In other words, y = 0 + 10x that we thought is optimum is worse than the more optimal function that we got from this formula: y = -5.268470527822279 + 10.280049526057745 x.

Calculating manually is tiresome, let’s use startegy. We can use programming language and library to get the hypothesis function faster dan better.

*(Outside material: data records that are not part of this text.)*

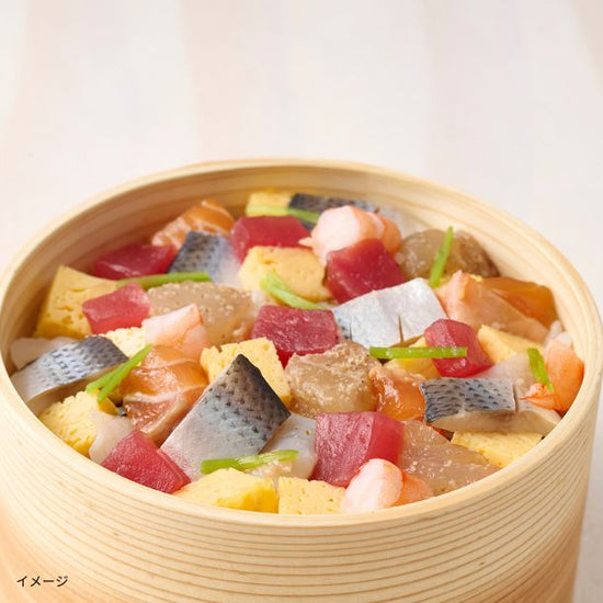 まぐろ、いか、海老、サーモン、真鯛、こはだを贅沢に使った海鮮ちらしの冷凍商品。それぞれの食材に味付けをしているので、最後まで飽きない美味しさをお楽しみいただけます。 隠し味として、刻み山くらげと茎わかめをご飯の上に敷き詰め、旨味と食感をプラス。海苔とわさびの佃煮を仕込むことで、コクとアクセントのある味わいに仕上げました。
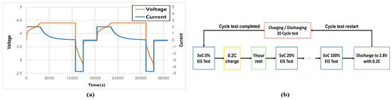 Data acquisition network. (a) CCCV charge discharge profile, (b) EIS tests framework.
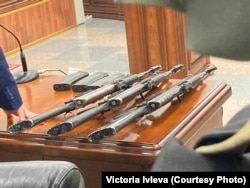 Прокуроры показывают страшные вещдоки – автоматы российских солдат
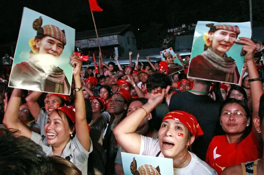 Myanmar’ın demokrasi yanlısı lideri Aung Suu Kyi, hafta sonunda yapılan seçimlerde elde ettiği başarıyla 50 yıllık askeri cunta yönetimine karşı en büyük demokrasi zaferini kazandı.

Use scikit-learn and python.

from sklearn import linear_model
import numpy as np
size = [[10], [20], [30], [40], [50]]
price = [100, 200, 290, 420, 505]
regr = linear_model.LinearRegression()
regr.fit(size, price)

print("theta 0 is %f", regr.coef_)
print("theta 1 is %f", regr.intercept_)
print("squared mean error is %f", np.mean((regr.predict(size) - price) ** 2))

The output:

theta 0 is %d [ 10.3]
theta 1 is %d -6.0
squared mean error is %f 78.0

Next time if we get new data, such as the size of the house, we can predict the price with this optimum hypothesis function as a result of machine learning. Let’s say
the size of the house that we want to predict is 75, what do you think the price will be?

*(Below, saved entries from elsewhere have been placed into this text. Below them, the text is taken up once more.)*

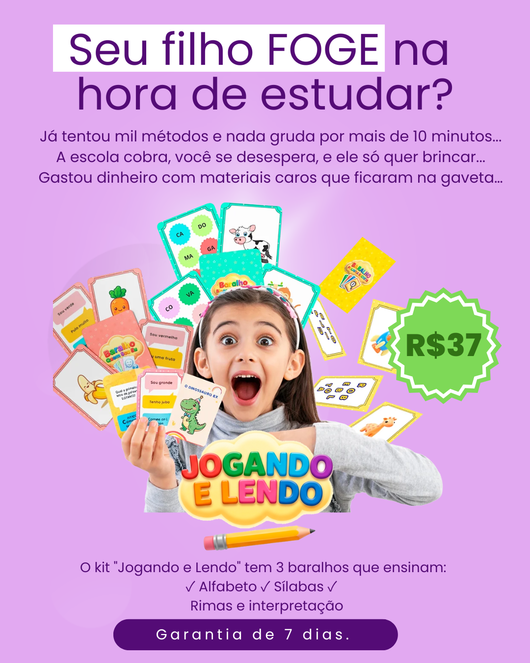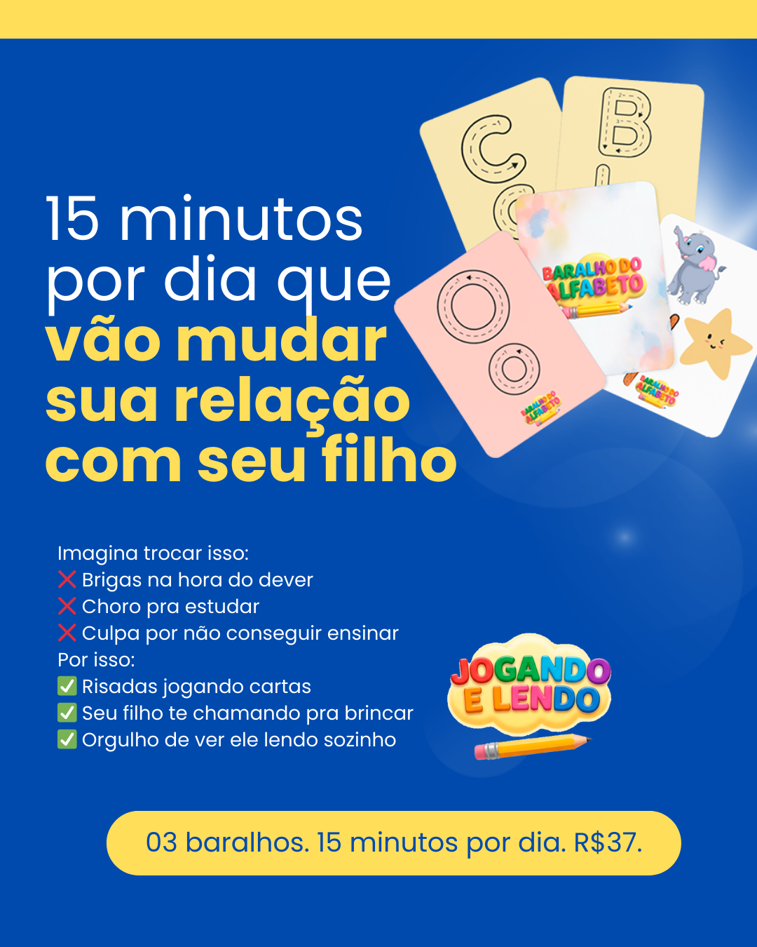 BARALHO DO ALFABETO Imagina trocar isso: ❌ Brigas na hora do dever ❌ Choro pra estudar ❌ Culpa por não conseguir ensinar Por isso: ✅ Risadas jogando cartas ✅ Seu filho te chamando pra brincar ✅ Orgulho de ver ele lendo sozinho
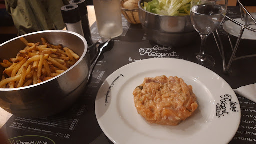 Le serveur nous annonce, le sourire en coin, que les frites sont à volontés. Quelle générosité, c'est ça l'esprit bistrot. Du partage, de l'échange, et du don.
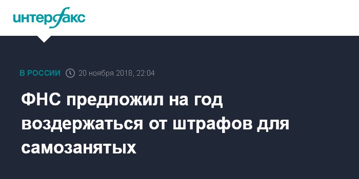 Москва. 20 ноября. INTERFAX.RU - Федеральная налоговая служба РФ предлагает в ходе эксперимента по внедрению нового режима налога для самозанятых воздержаться от штрафов в течение года.
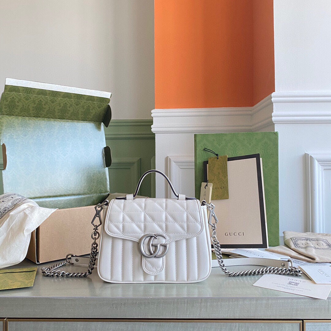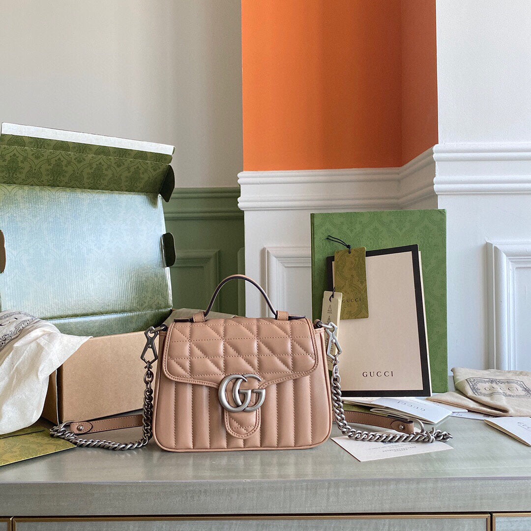 GC Marmont matelassé chevron leather Black / White / Dusty Pink / Gray Blue
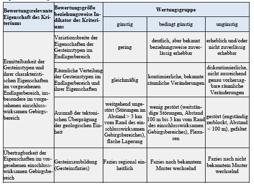 Die für die langfristige Stabilität der günstigen Verhältnisse wichtigen sicherheitsgerichteten geologischen Merkmale sollen sich in der Vergangenheit über möglichst lange Zeiträume nicht wesentlich verändert haben. Indikatoren hierfür sind insbesondere die Zeitspannen, über die sich die Betrachtungsmerkmale „Mächtigkeit“, flächenhafte beziehungsweise räumliche „Ausdehnung“ und „Gebirgsdurchlässigkeit“ des einschlusswirksamen Gebirgsbereichs nicht wesentlich verändert haben. Sie sind wie folgt zu bewerten:
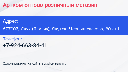 Артком, оптово-розничный магазин по адресу 677007, Саха (Якутия), Якутск, Чернышевского, 80 ст1 в дальнейшем Организация, размещена в следующих категориях:
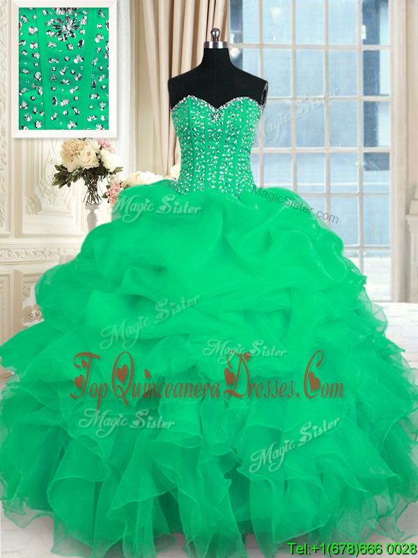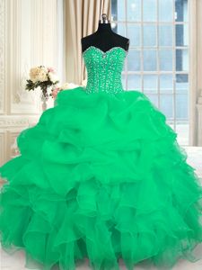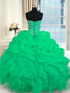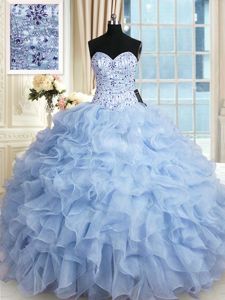 Light Blue Lace Up 15th Birthday Dress Beading and Ruffles Sleeveless Floor Length
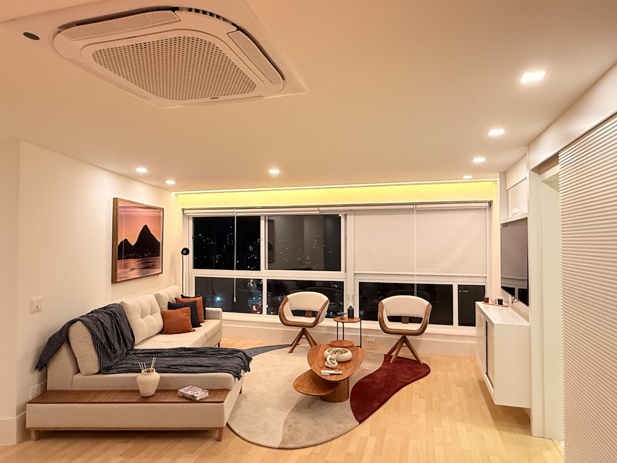 Enjoy a stunning and unique view of both the ocean and the mountain in a centrally located 2 bedroom renovated apartment in Leme, Copacabana ideal for families and couples. The apartment is cozy and has everything you need to make you feel at home. A very spacious and stylishly decorated living room, and a fully equipped apartment. One bedroom has a queen bed, the second bedroom has 2 single beds, and there are 2 more mattress/futons that can be placed in the living room if needed.

price = theta 0 + theta 1 x
price = -6 + 10.3 * 75
price = 766.5

We call this type of machine learning as linear regression, and it is one of the easiest type. 🙂

Multivariate Linear Regression

But as we know, in real world, the price of the house does not depend on one factor, which is, the size in this previous example. There are many factors that can decide
the price of the house, such as the number of the number of the bedroom, the location, the age, the building material, etc.

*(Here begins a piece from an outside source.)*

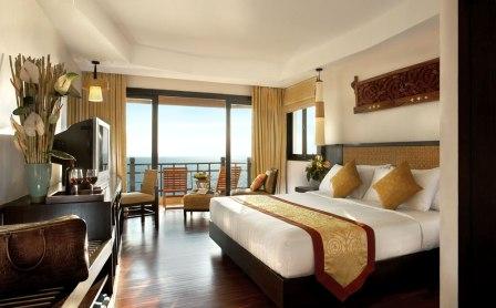Seaview Deluxe Room (45 кв.м): кровать king-size или две кровати twin, небольшая гостиная зона с диваном и журнальным столом, ванная комната с ванной и душевой кабиной, балкон.
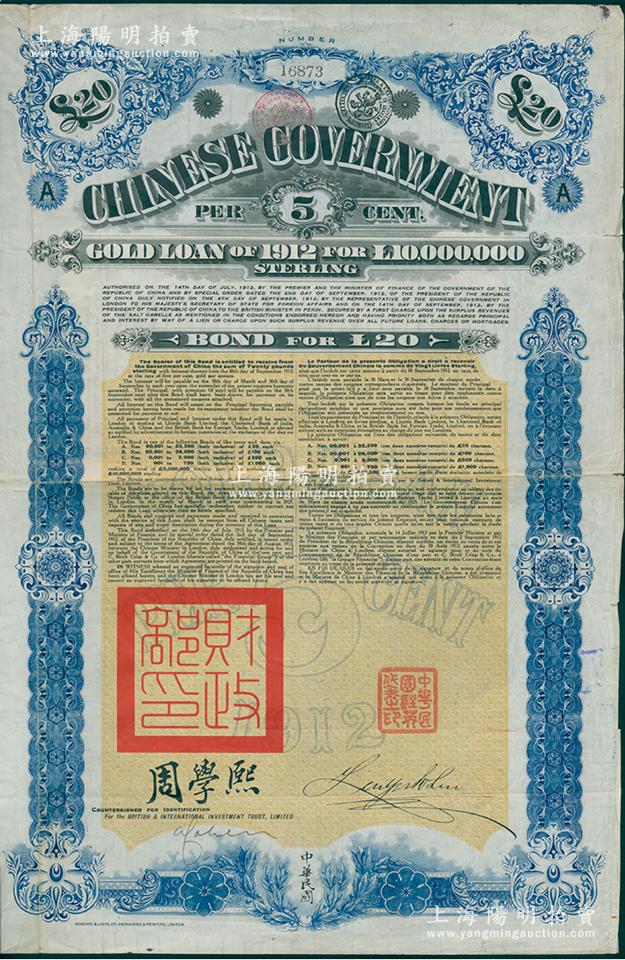 1912年中华民国政府对外发行五厘金镑债券(即克里斯浦借款)20镑,盖有“中华民国驻英代办之印”、驻英公使刘玉麟和北洋政府财政总长周学熙签名,附带有息票,有水印;海外回流品,近八成新

size of the house (m2) number of bedrooms location age building material price
10 2 senopati 5 years wood 300
20 5 pluit 2 years concrete 400
20 1 senayan 1 years bamboo 350
28 3 pluit 2 years concrete 420
50 10 kelapa gading 8 years concrete 705

The basic idea is same. There is a formula to find the optimum hypothesis function and scikit-learn has the ability to calculate it.

Logistic Regression

Linear Regression is to predict the result which is continuous. But sometimes you want to predict result which is binary: “yes” or “no”. For example, in housing situation,
based on certain house characteristics (such as number of bedrooms, location, age, building material, price) and potential buyer characteristics (income, age, marital status),
would this buyer take a loan to buy the house. That way, we can “advertise” houses more effectively to certain users.

Neural Network

In our first example, we deal only with one factor or feature, which is the size of the house. But sometimes you have to deal with a large numbers of features, not just 10 or 20, but
50000 features. Using multivariate linear regression will not be efficient. So some smart people invent neural network to deal with this. It’s hard to imagine the case of predicting
the price of the house using 50000 features, but there is a more realistic example. Suppose you want to categorize the pictures of the house automatically. So if you get the picture of
the front side of the house, you want to put it in “Front Outside” automatically. The picture of the kitchen? Put it in the kitchen category. The picture of the garage? Put it in the
garage category.

The image recognition uses a lot of features. You want to train your machine to detect whether certain shapes from the pixels represent the front side of the house or the back side of
the house. You need to feed it with a lot of train samples and tell the machine whether this represents front side of back side or inner side of the house.

Anomaly Detection

We have a series of data coming to us. Sometimes we want to check the outliers. The case in the housing is to detect whether there is an anomaly in the price of the houses in certain
areas. Based on certain characteristics, does this price of the house make sense? Perhaps someone rigs the price of the house. Or you can detect fraud in selling house transaction.

Conclusion

So the age of ultron is coming, I mean, the age of machine is coming. If you want to succeed, for example, in property start-up, you certainly need machine learning. Your technology
stack will be 10x better than the average.